▶

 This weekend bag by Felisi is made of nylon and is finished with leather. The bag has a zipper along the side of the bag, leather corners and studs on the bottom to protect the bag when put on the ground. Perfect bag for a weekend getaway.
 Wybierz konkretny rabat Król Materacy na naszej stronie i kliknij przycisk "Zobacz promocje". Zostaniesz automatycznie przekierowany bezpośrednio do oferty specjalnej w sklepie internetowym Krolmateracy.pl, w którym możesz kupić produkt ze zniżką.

◀
▶

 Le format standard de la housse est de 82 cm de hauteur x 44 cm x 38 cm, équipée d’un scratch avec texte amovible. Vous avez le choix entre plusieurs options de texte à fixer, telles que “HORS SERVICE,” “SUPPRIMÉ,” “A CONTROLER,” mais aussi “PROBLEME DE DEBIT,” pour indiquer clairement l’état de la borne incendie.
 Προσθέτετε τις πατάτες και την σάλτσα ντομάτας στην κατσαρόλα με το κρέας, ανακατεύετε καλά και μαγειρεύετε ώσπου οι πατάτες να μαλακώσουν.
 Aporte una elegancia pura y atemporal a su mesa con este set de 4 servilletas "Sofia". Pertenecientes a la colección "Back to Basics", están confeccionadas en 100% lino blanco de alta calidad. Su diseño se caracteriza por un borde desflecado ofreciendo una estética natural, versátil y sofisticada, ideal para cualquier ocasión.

◀

# About this task:
From the data above, output exactly the lines between the one containing "This weekend bag" and the one containing "Wybierz konkretny rabat", counting both of them.

# Result below:
 This weekend bag by Felisi is made of nylon and is finished with leather. The bag has a zipper along the side of the bag, leather corners and studs on the bottom to protect the bag when put on the ground. Perfect bag for a weekend getaway.
 Wybierz konkretny rabat Król Materacy na naszej stronie i kliknij przycisk "Zobacz promocje". Zostaniesz automatycznie przekierowany bezpośrednio do oferty specjalnej w sklepie internetowym Krolmateracy.pl, w którym możesz kupić produkt ze zniżką.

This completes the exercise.